#### Work item
Retype only the lines below from the one with "Esnaf at üstünde Türk bayrağı ile tur attı" to the one with "考虑到风笑天在开启4技能【疾", inclusive, skipping every image.

#### Supplied information
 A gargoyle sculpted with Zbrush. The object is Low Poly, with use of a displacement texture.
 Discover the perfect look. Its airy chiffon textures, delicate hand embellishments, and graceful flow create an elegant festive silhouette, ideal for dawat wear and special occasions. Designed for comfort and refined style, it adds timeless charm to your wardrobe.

==

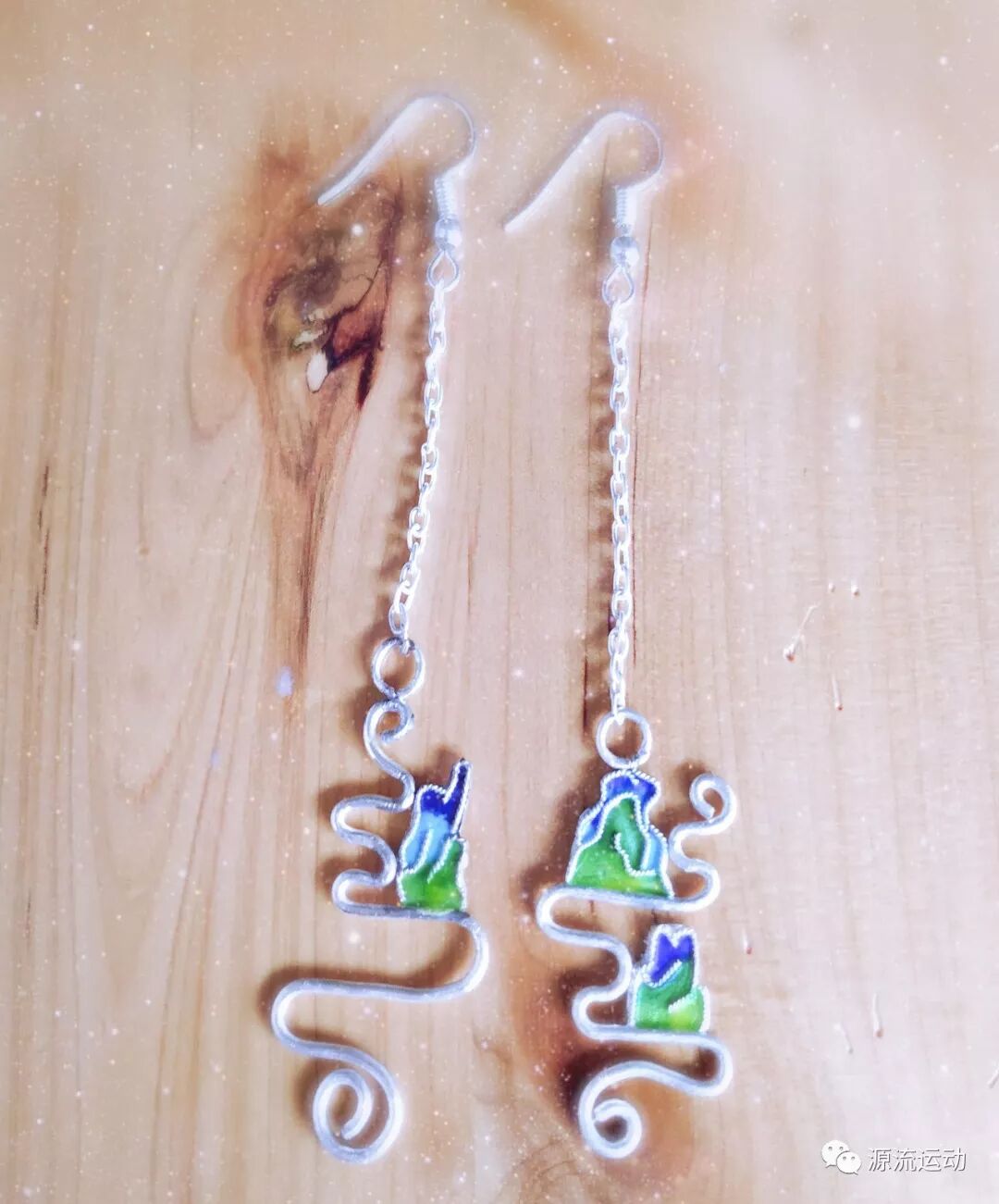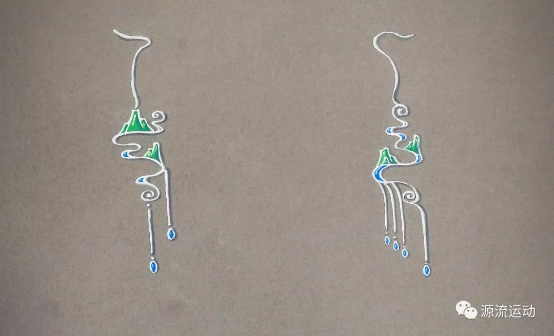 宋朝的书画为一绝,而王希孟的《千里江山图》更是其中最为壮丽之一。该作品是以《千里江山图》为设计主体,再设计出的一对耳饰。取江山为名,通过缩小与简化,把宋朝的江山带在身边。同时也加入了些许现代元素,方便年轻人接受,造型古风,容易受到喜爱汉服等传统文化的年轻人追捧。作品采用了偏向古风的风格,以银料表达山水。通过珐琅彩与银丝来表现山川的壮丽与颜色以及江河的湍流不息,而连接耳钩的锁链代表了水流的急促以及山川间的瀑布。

---

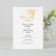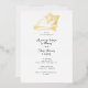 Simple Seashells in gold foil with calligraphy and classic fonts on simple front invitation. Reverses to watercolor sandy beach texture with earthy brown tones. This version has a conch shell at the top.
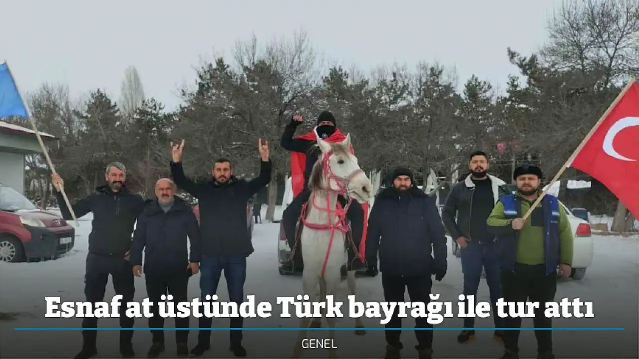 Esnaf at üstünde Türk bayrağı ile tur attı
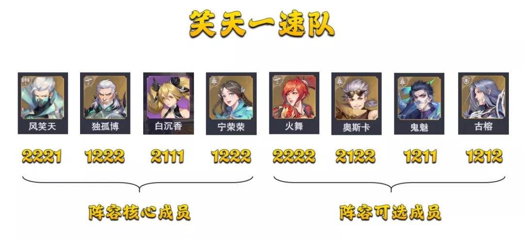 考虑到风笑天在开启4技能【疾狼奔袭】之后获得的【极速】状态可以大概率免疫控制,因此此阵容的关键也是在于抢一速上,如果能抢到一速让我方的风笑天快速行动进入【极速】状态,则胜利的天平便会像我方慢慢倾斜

#### Expected answer
 Esnaf at üstünde Türk bayrağı ile tur attı
 考虑到风笑天在开启4技能【疾狼奔袭】之后获得的【极速】状态可以大概率免疫控制,因此此阵容的关键也是在于抢一速上,如果能抢到一速让我方的风笑天快速行动进入【极速】状态,则胜利的天平便会像我方慢慢倾斜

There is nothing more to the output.